(671b) A Quantitative Description of Absolute Endocytosis and Exocytosis Rates for Nanoparticles

Authors: 
Heller, D. A., Massachusetts Institute of Technology
Strano, M. S., Massachusetts Institute of Technology


The endocytosis of nanoparticles is important to drug delivery, bioimaging and toxicology. However, there is no quantitative model linking internalization rate with nanoparticle geometry. Current theory suggests that the rate is bracketed by elastic energy release as the cell membrane wraps the nanoparticle and an entropic penalty as additional cell surface receptors are recruited to continue the process. While successful in predicting a maximum uptake at a given radius, the approach requires this value be a threshold below which endocytosis is impossible and this is in direct contradiction to experiment. To address this, we develop a deterministic kinetic model and assert that nanoparticles smaller than the predicted cutoff can cluster on the cell surface after diffusion, thereby gaining the free energy necessary to surmount the entropic barrier for uptake. We focus on d(GT)15 wrapped SWNT1, and use its intrinsic band gap fluorescence to track interactions with 3T3 cells using a 2D InGaAs imaging array coupled to an inverted microscope with a perfusion stage2.

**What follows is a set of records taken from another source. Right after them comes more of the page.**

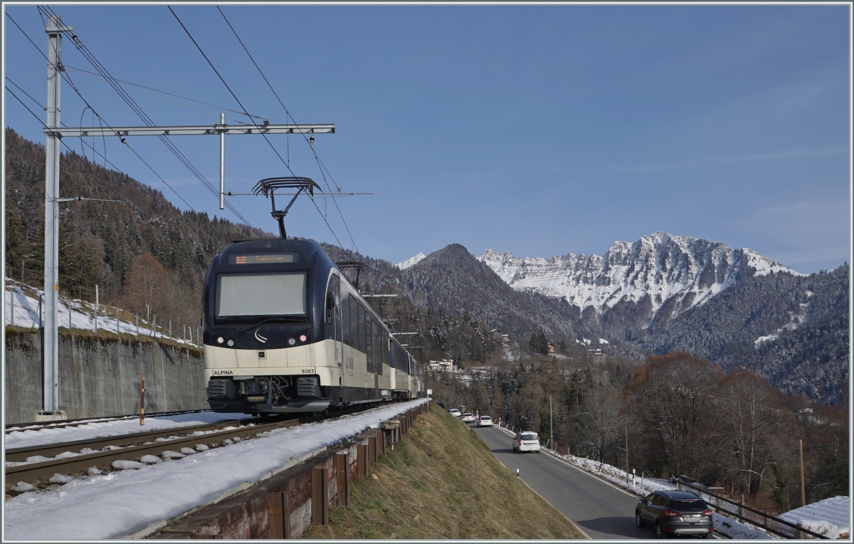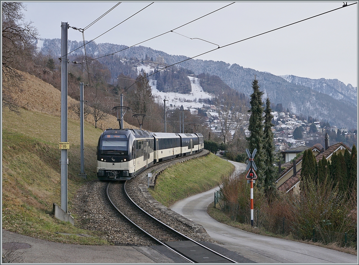 Die beiden Alpina ABe 4/4 9301 und 9201 sind mit einem MOB Regionalzug von Zweisimmen nach Montreux kurz vor Chernex unterwegs. 9. Januar 2021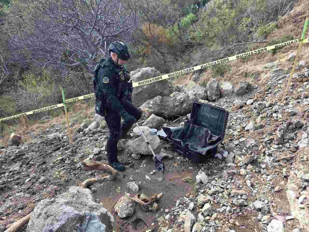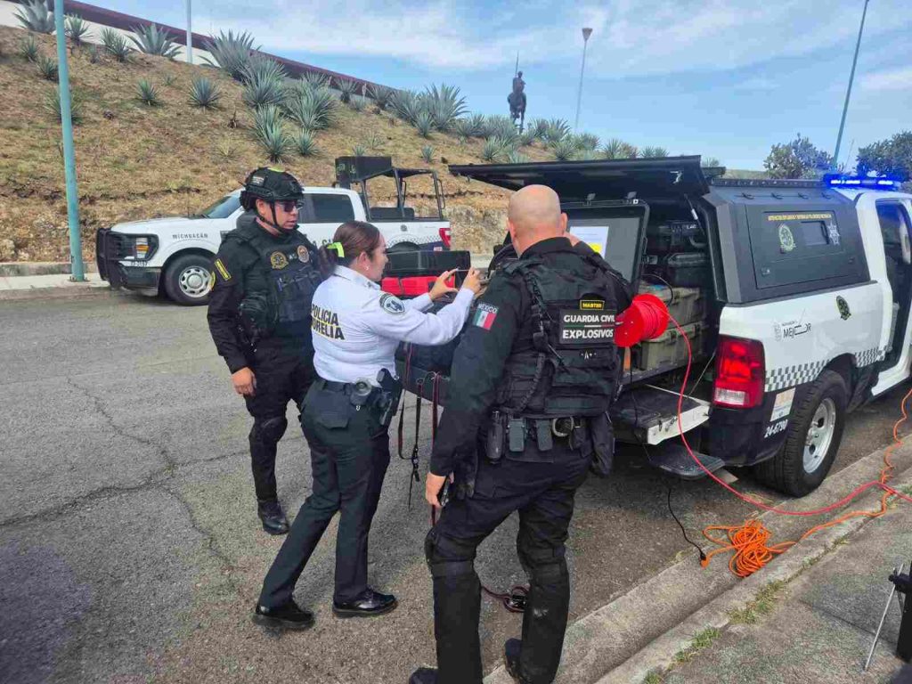 Morelia, Michoacán, 11 de diciembre del 2025.- La Secretaría de Seguridad Pública (SSP), a través del Agrupamiento Especializado en Artefactos Explosivos y Materiales Peligrosos, informó que cerca del mediodía se llevó a cabo el aseguramiento de una granada de gas localizada luego de una excavación realizada en una zona en construcción, localizada en Tres Marías en Morelia, tras un reporte canalizado por el C5i.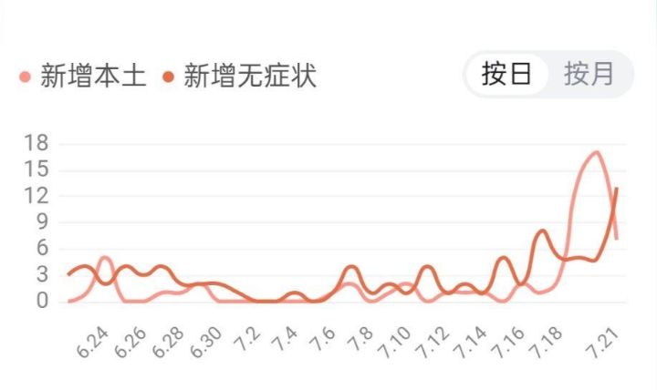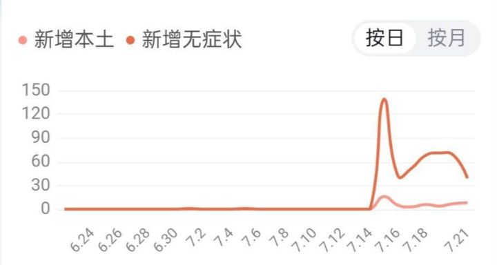 1.查阅相关新闻资料,了解蚌埠市疫情现状。通过事先查阅深圳市当前疫情的最新消息情报及相关资料新闻并结合疫情动态趋势图的新增本土趋势图和新增无症状趋势图二者,截止至7月21日0时,我们可以看见,在7月15日之前,较为稳定无新增病例,但15日起往后,病例人数急剧增加,呈现指数增长趋势,不过后期新增减少,呈缓慢增长趋势,逐渐趋于稳定。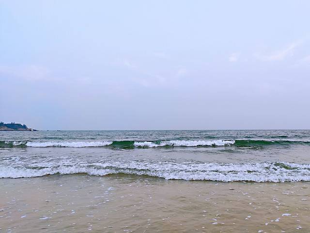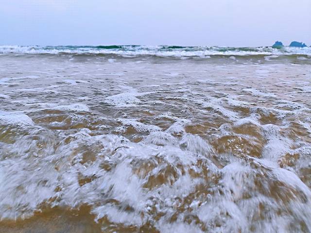 在沙滩散步,从免费沙滩往收费沙滩那走,越远浪越大,不要太靠近海。
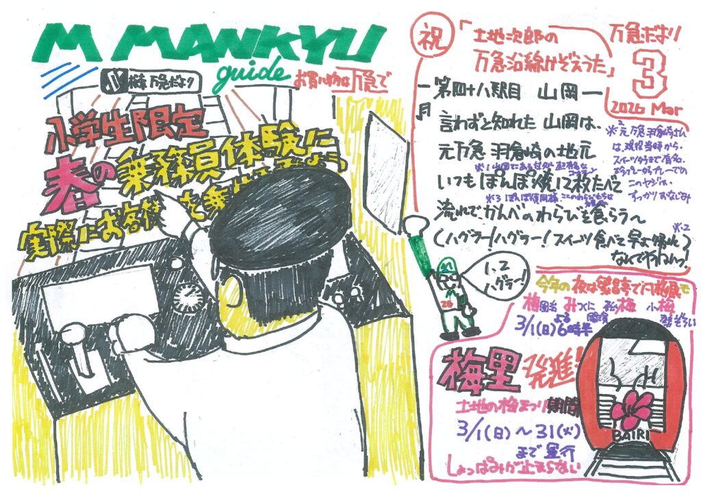 手書きのイラストで描かれた万急だよりも毎月発行しており、これをなんと10年ほど続けている。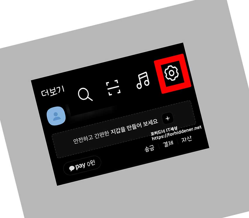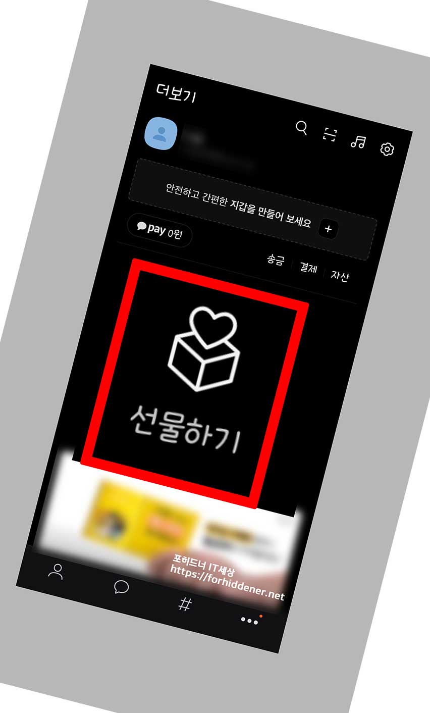 하단에 [더보기] 가로 세개 점 아이콘을 클릭 후 Pay 항목 아래에 있는 여러 앱 서비스 항목 중 [선물하기]를 클릭합니다.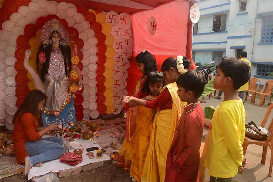 সাড়ে ন’টা নাগাদ পুরোহিতমশাই চলে এলেন। পুজো শুরু হল নিরুপদ্রবে। শেষ মুহূর্তে সুরমা ঘাবড়ে গিয়ে হয় সলতে, নয় ভুজ্যিপাত্র, কিছু না কিছু আনতে ভুলে যান, তা এ বারও হল যদিও। ঝামেলা হল অঞ্জলি দিতে বসে। কোনও এক অজ্ঞাত কারণে অঞ্জলি দিতে বসলেই শমীক হাসতে শুরু করে। এ বারও তা-ই হল। একটা বাচ্চা হাসলে সেটা সমস্যা নয়, কিন্তু শমীকের হাসি এতই ছোঁয়াচে, কোচিং-এর ছেলে, মেয়ে থেকে সুরমা এবং সবাইকে ধমক দিতে গিয়ে শেষে নিজেও হেসে ফেললেন নিত্যবাবু। পুরোহিতমশাই এক জন শিক্ষকের অবিমৃশ্যকারিতা দেখে কটমট করে তাকিয়ে থাকলেন শুধু।

The model accurately describes uptake rates from single particle tracking for single walled carbon nanotubes(SWNT)2 of lengths from 130±18 to 660±40 nm and literature data for Au nanoparticles of diameters from 14 to 100 nm. Remarkably, both have a maximum rate near 25 nm when scaled using an interaction radius for membrane diffusion. The endocytosis rate constant of SWNT (10-3 min-1) is nearly 1000 times that of Au nanoparticles (10-6 min-1). The recycling (exocytosis) rate constants are similar in magnitude (10-4 to 10-3 min-1) for poly(D,L-lactide-co-glycolide), SWNT and Au nanoparticles and across cell lines and generally decrease with increasing size. The ability to understand and predict the cellular uptake of nanoparticles quantitatively should find utility in designing nano-systems with controlled toxicity, efficacy and functionality.

(1) Jin, H.; Jeng, E. S.; Heller, D. A.; Jena, P. V.; Kirmse, R.; Langowski, J.; Strano, M. S. Macromolecules 2007, 40, 6731-6739.

(2) Jin, H.; Heller, D. A.; Strano, M. S. Nano Lett. 2008, ASAP.